» **Dataset records**
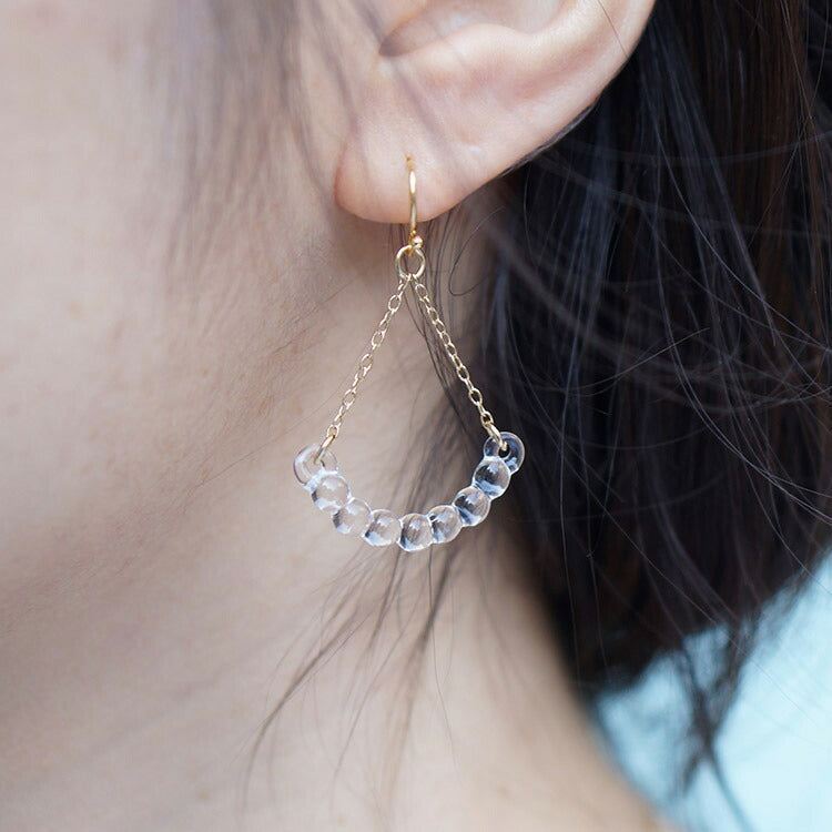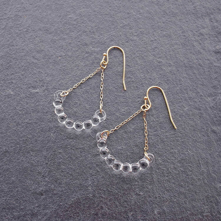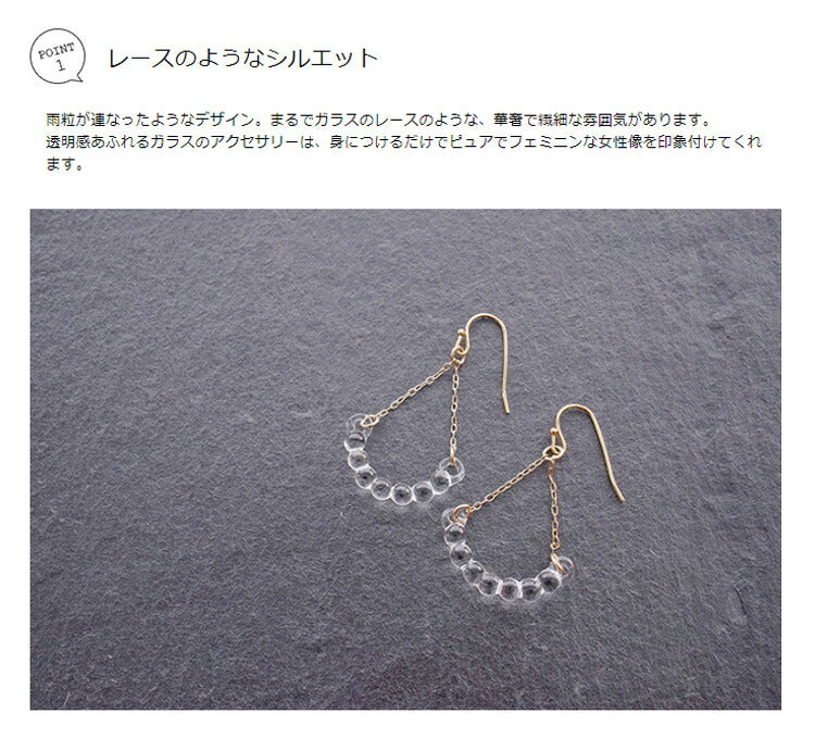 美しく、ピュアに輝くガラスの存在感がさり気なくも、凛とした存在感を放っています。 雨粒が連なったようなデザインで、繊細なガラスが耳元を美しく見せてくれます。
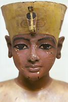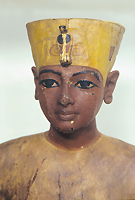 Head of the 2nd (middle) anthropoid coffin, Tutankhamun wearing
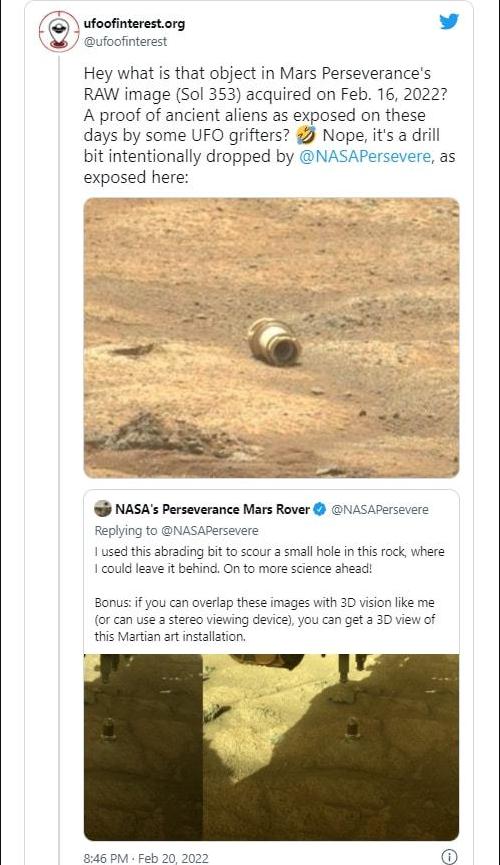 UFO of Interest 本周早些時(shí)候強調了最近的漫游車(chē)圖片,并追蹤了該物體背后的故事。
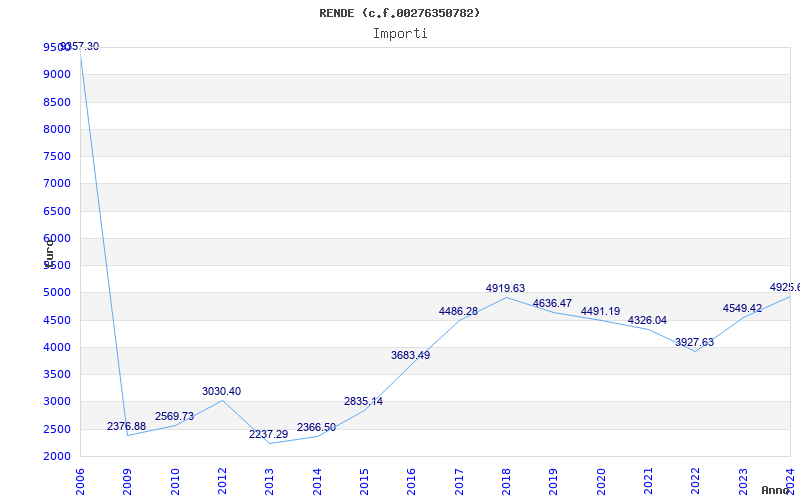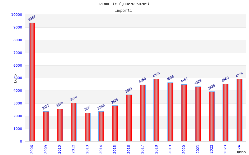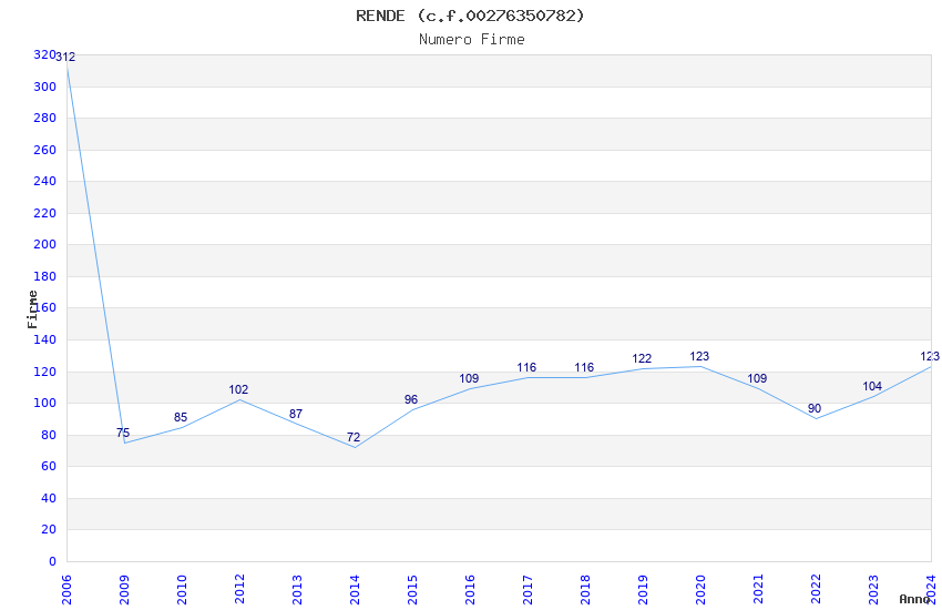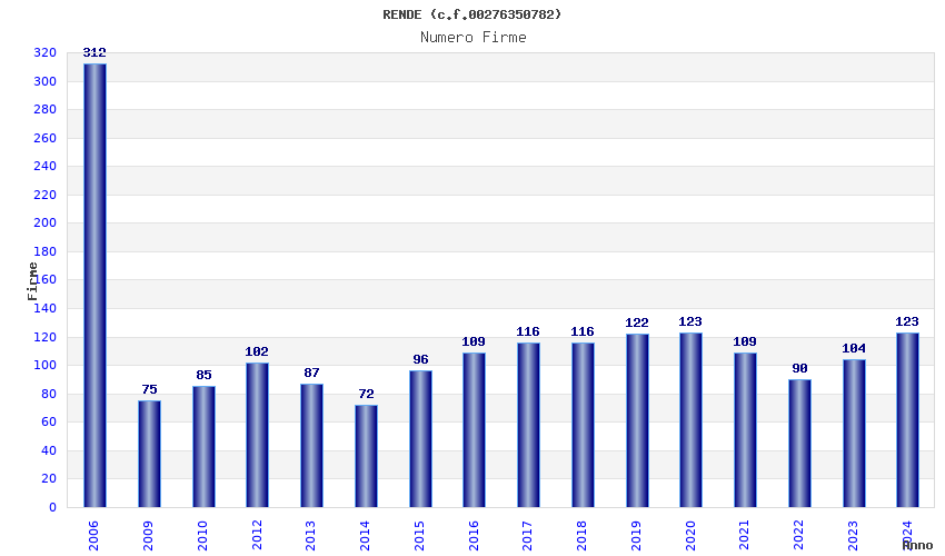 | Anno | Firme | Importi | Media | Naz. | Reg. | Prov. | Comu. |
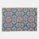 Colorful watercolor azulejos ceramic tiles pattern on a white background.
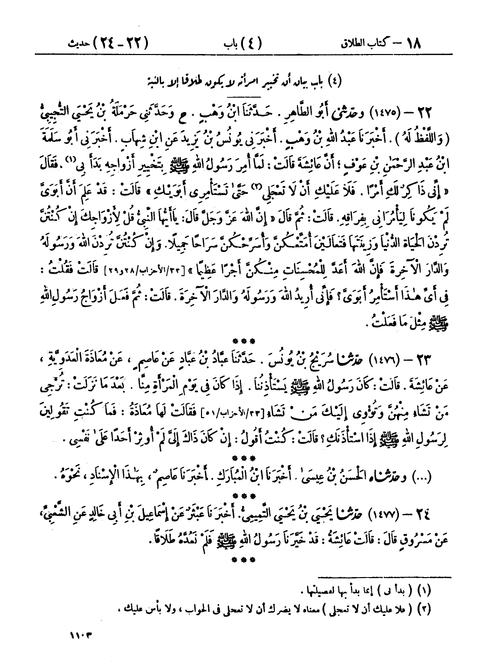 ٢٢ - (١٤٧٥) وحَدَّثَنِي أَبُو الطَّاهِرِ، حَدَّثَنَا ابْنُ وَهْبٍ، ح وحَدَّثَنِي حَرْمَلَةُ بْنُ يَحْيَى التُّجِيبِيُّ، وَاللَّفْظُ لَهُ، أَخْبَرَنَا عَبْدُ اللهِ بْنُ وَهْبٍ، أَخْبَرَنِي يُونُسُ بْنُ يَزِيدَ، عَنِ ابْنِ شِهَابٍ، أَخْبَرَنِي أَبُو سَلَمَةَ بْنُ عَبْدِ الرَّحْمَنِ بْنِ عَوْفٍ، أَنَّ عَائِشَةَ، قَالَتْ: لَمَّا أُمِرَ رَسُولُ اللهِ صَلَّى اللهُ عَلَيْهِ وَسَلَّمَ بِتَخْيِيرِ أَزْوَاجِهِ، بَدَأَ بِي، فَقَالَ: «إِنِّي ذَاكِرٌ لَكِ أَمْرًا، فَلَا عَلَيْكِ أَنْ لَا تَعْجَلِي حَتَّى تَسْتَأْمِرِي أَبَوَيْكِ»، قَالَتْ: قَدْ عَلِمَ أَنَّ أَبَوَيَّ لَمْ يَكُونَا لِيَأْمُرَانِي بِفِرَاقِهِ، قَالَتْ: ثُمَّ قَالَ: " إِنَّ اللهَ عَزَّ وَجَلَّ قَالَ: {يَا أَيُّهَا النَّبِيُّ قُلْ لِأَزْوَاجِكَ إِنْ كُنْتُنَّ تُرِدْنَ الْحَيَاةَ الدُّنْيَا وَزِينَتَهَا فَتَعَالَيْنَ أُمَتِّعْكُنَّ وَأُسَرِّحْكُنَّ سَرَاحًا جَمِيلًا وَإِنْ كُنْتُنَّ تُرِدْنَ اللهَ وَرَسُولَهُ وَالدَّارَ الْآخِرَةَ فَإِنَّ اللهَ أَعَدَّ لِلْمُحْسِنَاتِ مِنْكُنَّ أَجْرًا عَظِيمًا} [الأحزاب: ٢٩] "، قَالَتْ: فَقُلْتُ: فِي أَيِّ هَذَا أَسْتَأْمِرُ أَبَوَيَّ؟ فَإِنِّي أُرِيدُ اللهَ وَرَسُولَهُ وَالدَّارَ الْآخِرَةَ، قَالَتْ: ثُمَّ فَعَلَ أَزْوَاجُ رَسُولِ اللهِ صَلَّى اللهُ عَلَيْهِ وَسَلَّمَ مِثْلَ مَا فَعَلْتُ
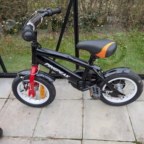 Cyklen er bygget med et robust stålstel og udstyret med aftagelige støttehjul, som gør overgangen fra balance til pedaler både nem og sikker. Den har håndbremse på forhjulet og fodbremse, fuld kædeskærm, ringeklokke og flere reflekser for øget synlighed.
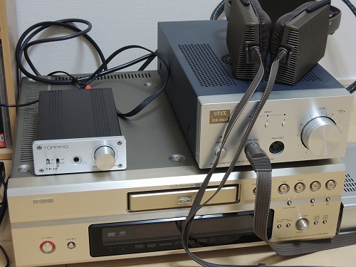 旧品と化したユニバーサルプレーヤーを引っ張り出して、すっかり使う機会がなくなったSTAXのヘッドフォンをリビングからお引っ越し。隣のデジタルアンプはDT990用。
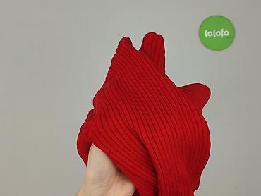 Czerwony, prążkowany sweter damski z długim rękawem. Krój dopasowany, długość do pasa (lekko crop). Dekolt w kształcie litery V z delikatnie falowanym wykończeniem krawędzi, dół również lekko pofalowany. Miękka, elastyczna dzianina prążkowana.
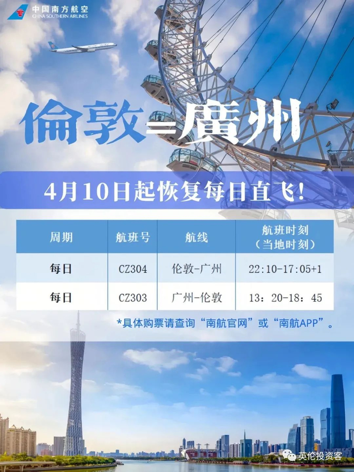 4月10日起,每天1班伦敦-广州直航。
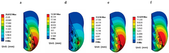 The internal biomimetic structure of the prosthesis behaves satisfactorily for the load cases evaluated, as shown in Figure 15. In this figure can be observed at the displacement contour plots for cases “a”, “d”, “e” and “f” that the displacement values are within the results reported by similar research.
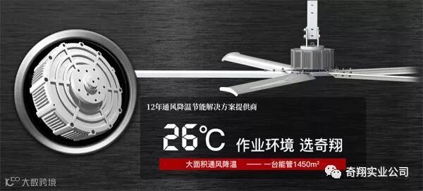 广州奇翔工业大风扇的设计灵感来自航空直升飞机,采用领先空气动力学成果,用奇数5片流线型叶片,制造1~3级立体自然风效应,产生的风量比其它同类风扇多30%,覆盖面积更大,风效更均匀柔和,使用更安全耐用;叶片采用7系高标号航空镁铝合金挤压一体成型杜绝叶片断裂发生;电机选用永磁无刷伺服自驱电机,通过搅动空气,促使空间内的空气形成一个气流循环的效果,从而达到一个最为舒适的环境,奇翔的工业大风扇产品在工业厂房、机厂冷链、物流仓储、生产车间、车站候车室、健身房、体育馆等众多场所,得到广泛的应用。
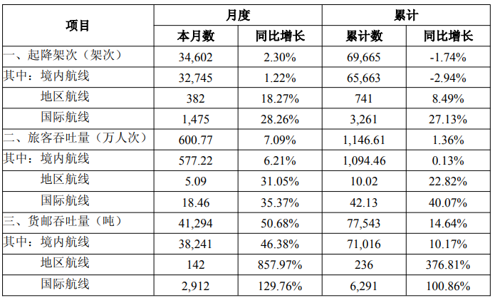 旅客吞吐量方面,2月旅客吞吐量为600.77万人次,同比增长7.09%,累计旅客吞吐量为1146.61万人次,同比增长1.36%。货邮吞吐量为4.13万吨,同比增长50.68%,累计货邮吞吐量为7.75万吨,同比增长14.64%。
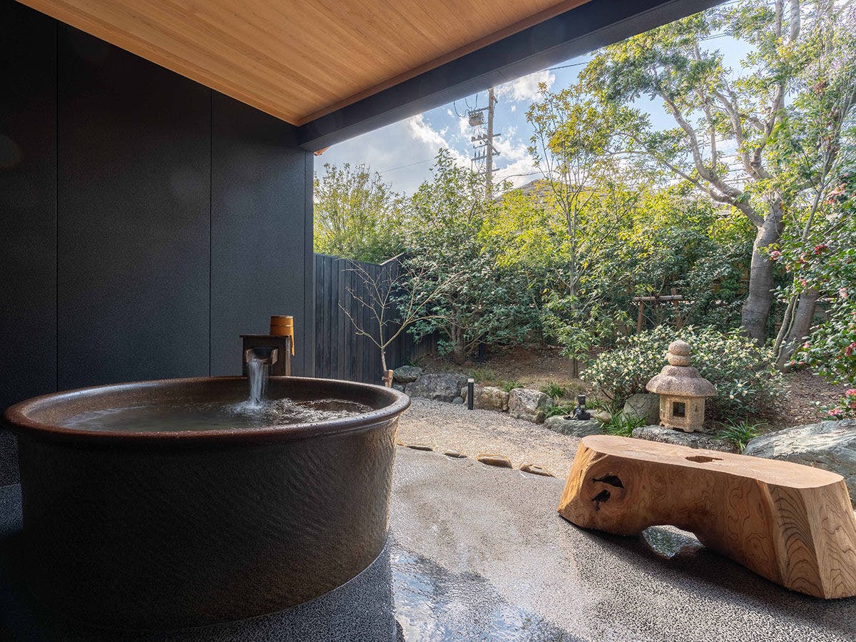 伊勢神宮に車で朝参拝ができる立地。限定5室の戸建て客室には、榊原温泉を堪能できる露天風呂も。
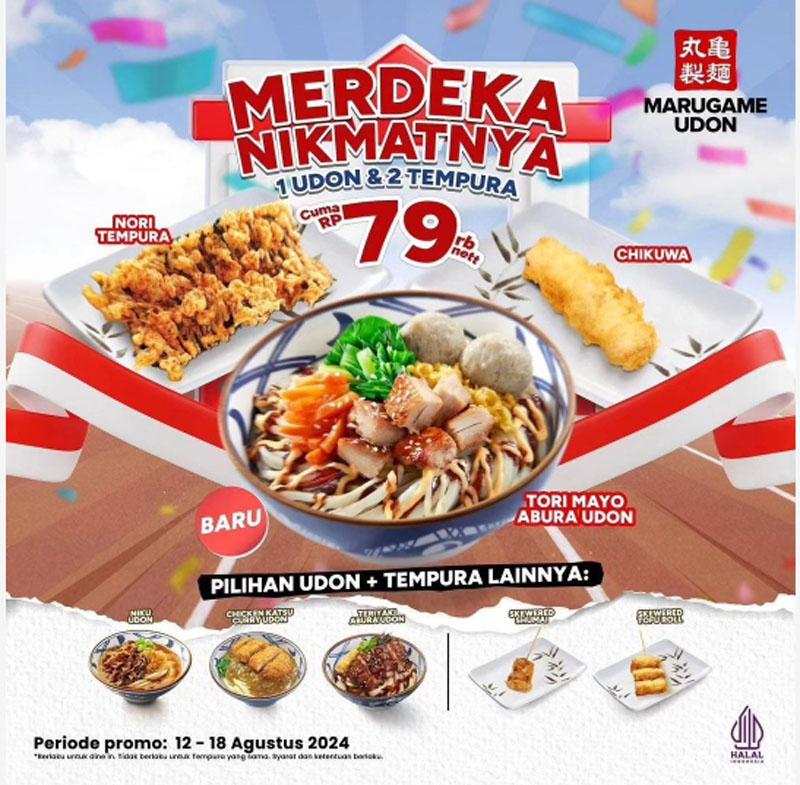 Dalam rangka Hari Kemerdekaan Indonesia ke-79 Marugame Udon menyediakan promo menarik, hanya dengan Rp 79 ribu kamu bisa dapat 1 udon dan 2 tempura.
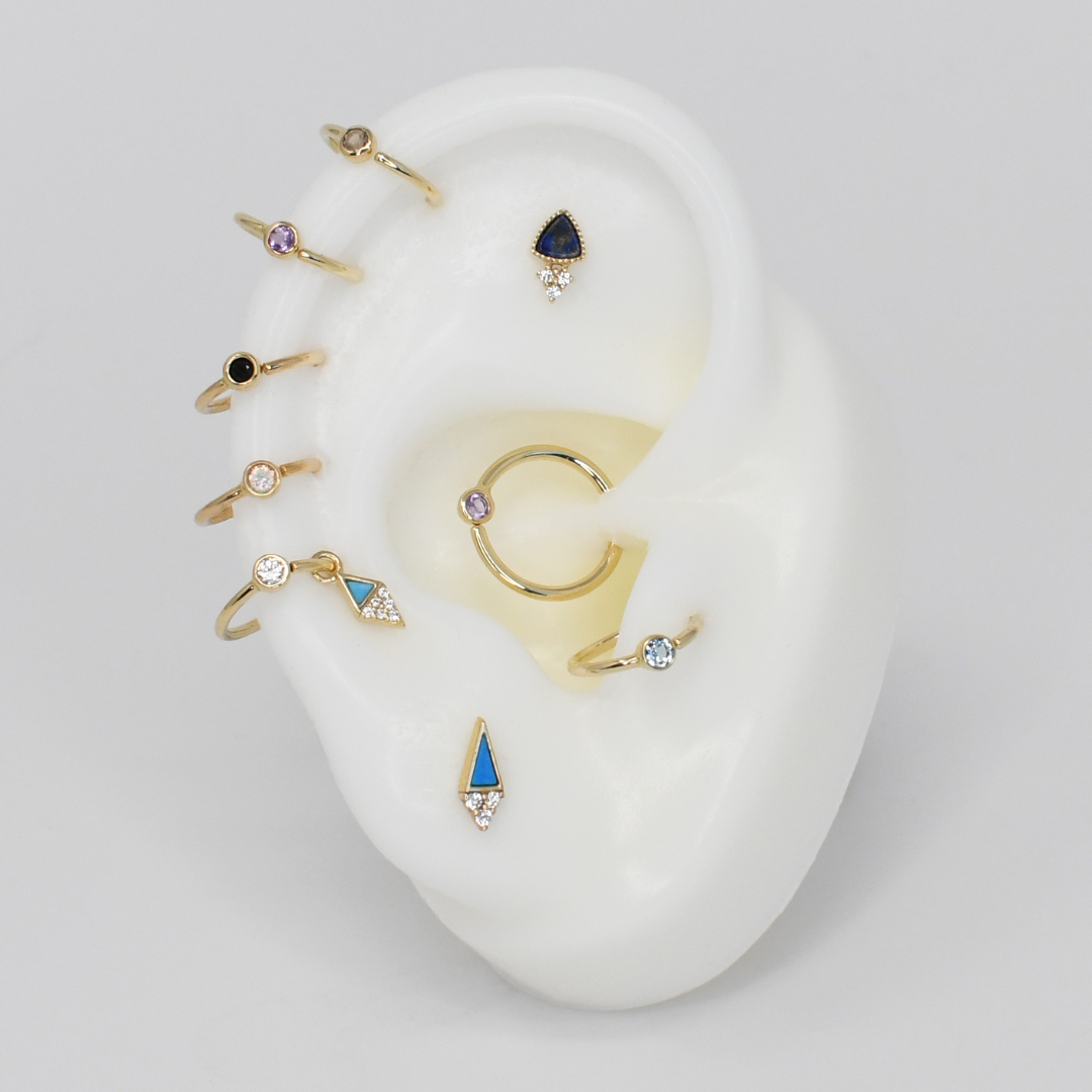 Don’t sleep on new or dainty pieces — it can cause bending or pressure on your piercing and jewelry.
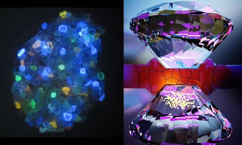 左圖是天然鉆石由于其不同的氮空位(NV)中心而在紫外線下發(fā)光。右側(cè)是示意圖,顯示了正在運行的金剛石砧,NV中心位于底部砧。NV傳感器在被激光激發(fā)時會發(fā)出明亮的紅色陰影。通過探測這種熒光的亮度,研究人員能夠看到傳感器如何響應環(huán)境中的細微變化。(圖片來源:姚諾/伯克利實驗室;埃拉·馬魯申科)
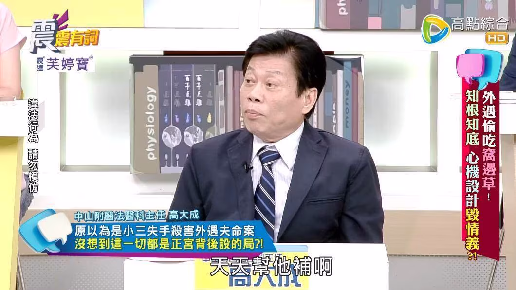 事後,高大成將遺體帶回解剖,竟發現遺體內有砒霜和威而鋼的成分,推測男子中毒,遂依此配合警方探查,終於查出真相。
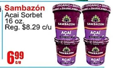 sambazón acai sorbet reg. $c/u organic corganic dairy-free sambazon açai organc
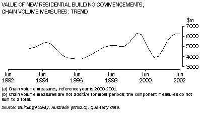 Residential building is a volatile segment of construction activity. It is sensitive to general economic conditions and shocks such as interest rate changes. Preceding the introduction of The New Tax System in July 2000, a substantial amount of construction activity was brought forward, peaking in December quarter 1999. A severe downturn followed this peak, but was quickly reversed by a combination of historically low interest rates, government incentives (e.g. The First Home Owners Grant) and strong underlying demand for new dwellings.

» **Instructions to follow**
Instructions for the copy: start at the first entry, stop after the line containing "Colorful watercolor azulejos", keep every line exact, and drop the pictures.

» **Response to this exercise**
 美しく、ピュアに輝くガラスの存在感がさり気なくも、凛とした存在感を放っています。 雨粒が連なったようなデザインで、繊細なガラスが耳元を美しく見せてくれます。
 Head of the 2nd (middle) anthropoid coffin, Tutankhamun wearing
 UFO of Interest 本周早些時(shí)候強調了最近的漫游車(chē)圖片,并追蹤了該物體背后的故事。
 | Anno | Firme | Importi | Media | Naz. | Reg. | Prov. | Comu. |
 Colorful watercolor azulejos ceramic tiles pattern on a white background.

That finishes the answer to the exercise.